§ TASK GOAL
Repeat only these lines, exactly: the first line of the data, the line containing "Anyway, the guys", and every line between them. Pictures stay out.

§ DATASET SECTION
▼

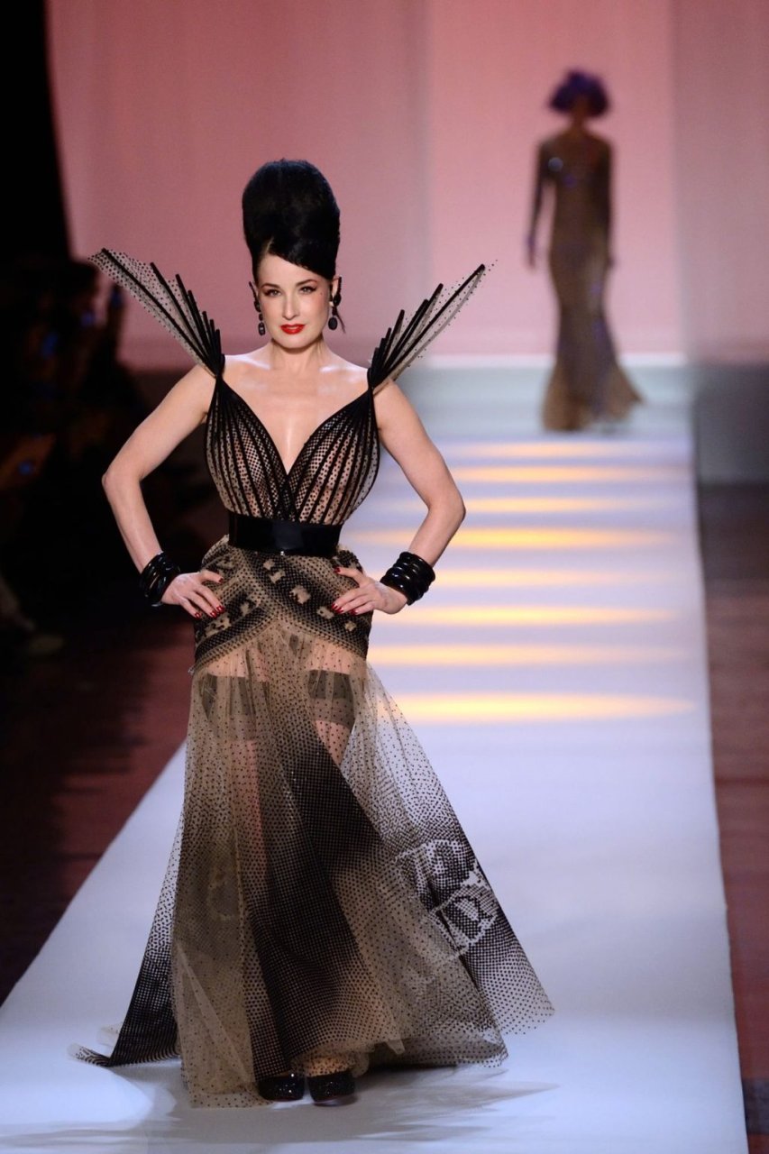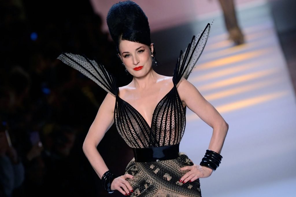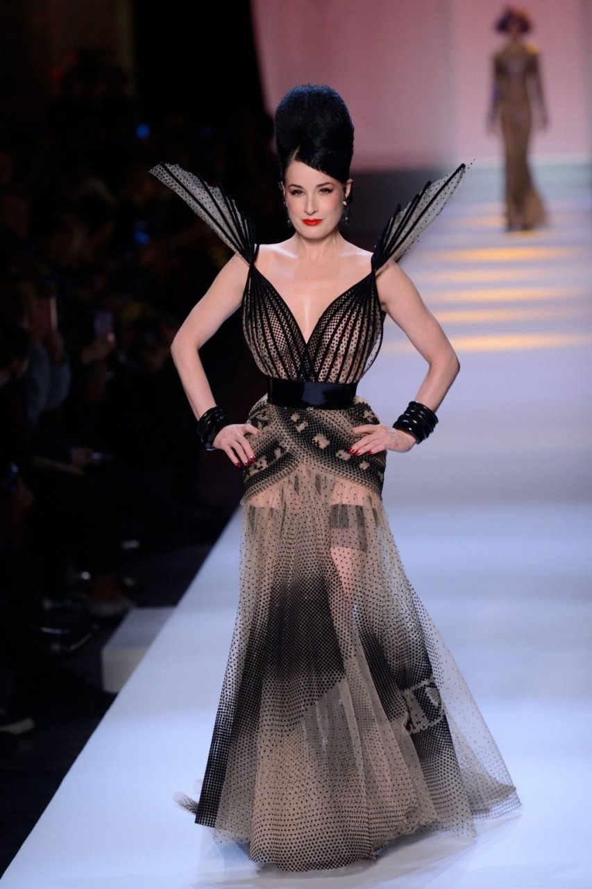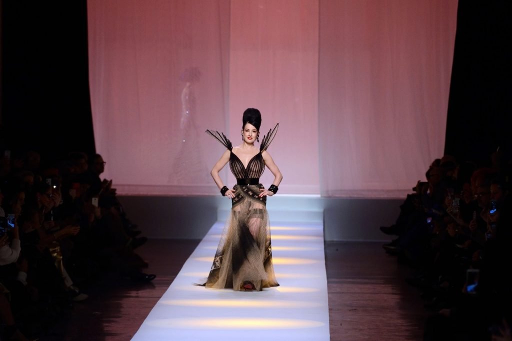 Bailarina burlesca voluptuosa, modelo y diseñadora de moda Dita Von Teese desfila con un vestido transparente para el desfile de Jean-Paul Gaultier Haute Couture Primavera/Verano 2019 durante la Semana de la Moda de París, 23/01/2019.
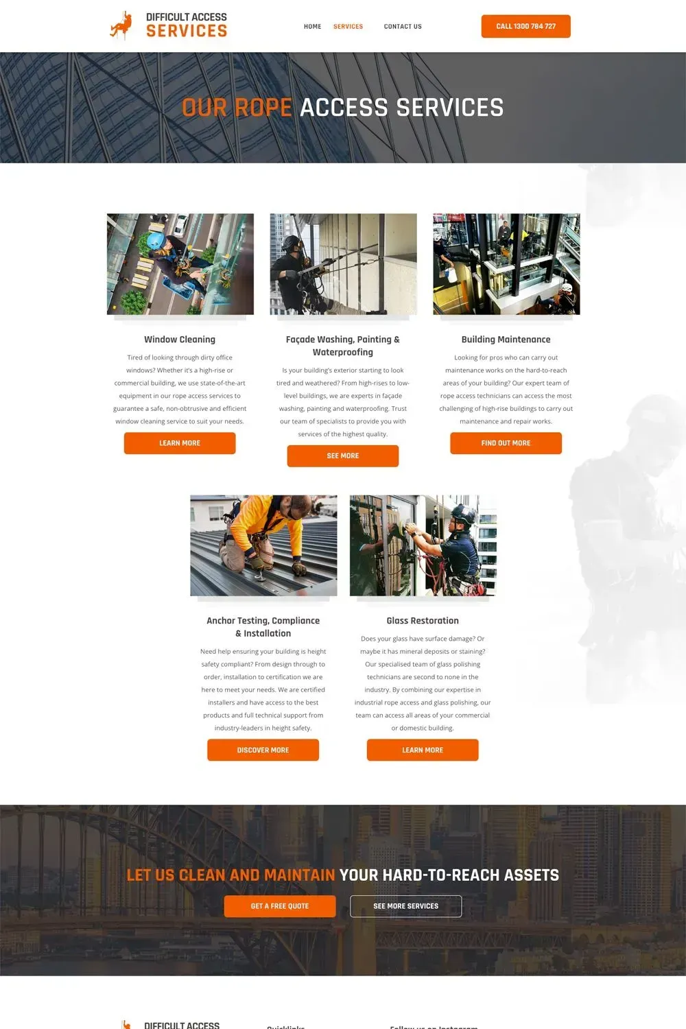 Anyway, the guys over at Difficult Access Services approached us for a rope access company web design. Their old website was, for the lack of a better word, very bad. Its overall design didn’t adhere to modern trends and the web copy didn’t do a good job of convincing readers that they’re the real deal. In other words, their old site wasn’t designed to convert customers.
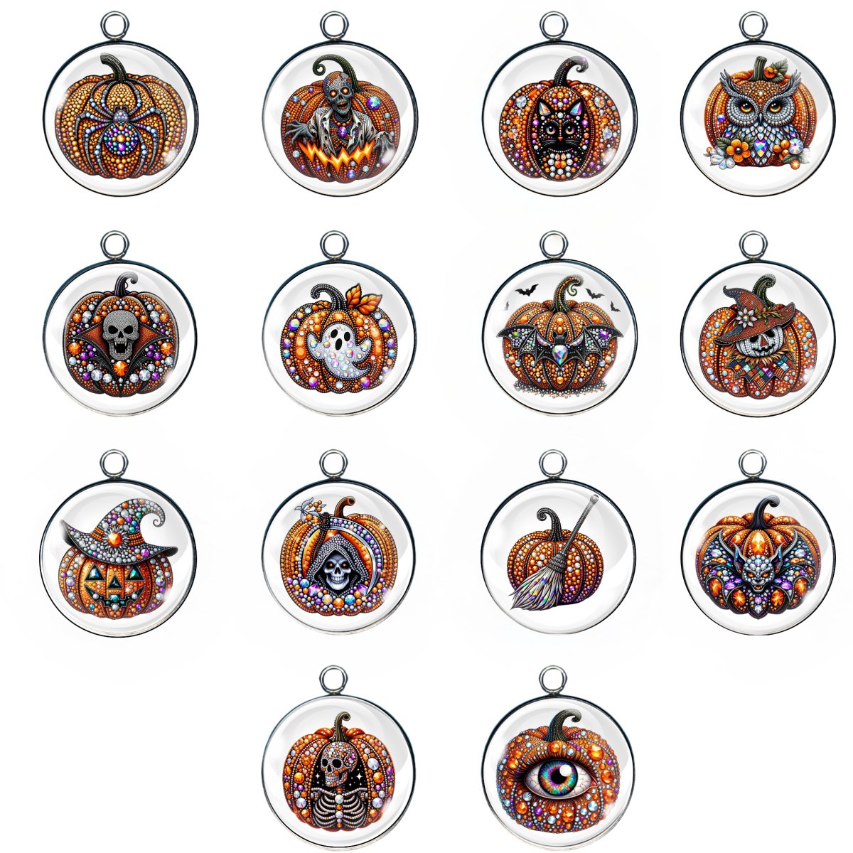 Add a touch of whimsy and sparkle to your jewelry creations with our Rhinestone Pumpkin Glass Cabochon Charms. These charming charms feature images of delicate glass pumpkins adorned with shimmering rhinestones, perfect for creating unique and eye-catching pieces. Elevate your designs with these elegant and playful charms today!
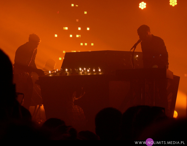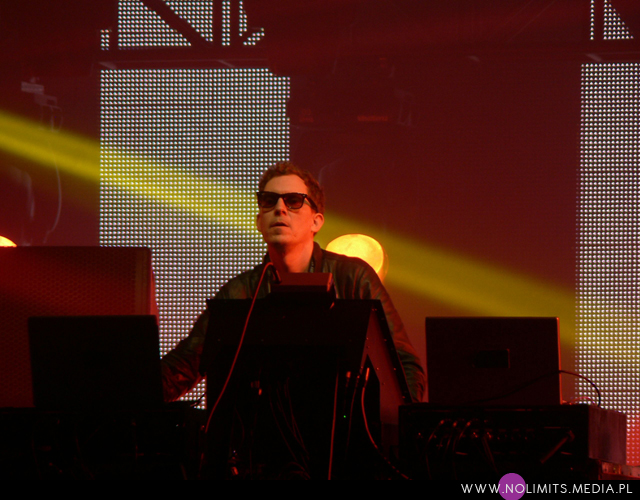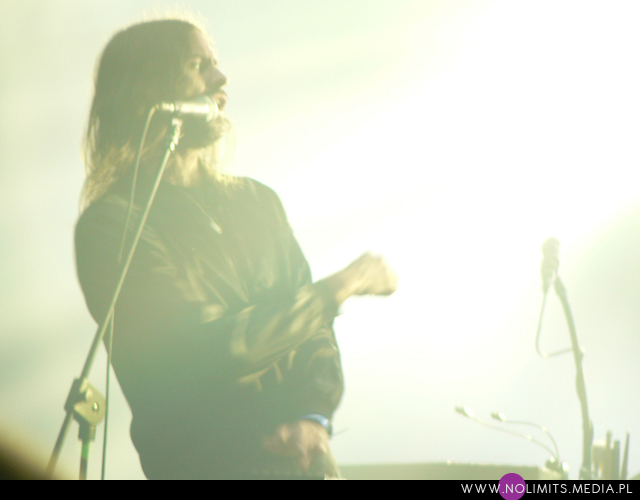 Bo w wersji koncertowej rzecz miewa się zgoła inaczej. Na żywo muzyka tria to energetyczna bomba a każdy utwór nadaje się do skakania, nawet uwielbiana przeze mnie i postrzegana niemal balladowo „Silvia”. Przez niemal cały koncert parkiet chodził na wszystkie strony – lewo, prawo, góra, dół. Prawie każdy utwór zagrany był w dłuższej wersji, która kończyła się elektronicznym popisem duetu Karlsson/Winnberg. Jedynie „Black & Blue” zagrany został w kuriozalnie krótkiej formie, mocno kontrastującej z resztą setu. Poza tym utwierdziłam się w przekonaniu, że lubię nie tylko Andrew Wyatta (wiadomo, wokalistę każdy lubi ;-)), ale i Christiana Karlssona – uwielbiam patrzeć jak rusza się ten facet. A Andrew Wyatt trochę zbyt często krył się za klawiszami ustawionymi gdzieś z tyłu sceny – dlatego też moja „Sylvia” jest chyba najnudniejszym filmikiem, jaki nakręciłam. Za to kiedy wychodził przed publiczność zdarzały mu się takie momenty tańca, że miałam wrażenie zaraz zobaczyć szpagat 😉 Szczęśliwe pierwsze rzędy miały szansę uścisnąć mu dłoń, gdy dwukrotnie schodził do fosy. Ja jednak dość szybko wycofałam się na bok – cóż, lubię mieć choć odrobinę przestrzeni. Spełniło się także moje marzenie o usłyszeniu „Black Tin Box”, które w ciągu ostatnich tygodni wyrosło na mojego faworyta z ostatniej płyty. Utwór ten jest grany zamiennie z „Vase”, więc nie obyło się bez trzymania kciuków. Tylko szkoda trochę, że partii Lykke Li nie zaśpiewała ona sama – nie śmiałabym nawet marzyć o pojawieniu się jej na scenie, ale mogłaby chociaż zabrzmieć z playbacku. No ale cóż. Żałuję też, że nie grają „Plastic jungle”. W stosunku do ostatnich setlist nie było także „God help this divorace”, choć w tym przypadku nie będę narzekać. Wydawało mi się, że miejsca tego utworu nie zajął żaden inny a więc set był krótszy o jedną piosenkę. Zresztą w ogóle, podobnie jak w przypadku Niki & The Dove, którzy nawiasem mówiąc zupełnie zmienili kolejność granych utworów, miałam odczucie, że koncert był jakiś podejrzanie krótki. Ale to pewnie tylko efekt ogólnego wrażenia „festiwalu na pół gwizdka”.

▲

§ SOLUTION
 Bailarina burlesca voluptuosa, modelo y diseñadora de moda Dita Von Teese desfila con un vestido transparente para el desfile de Jean-Paul Gaultier Haute Couture Primavera/Verano 2019 durante la Semana de la Moda de París, 23/01/2019.
 Anyway, the guys over at Difficult Access Services approached us for a rope access company web design. Their old website was, for the lack of a better word, very bad. Its overall design didn’t adhere to modern trends and the web copy didn’t do a good job of convincing readers that they’re the real deal. In other words, their old site wasn’t designed to convert customers.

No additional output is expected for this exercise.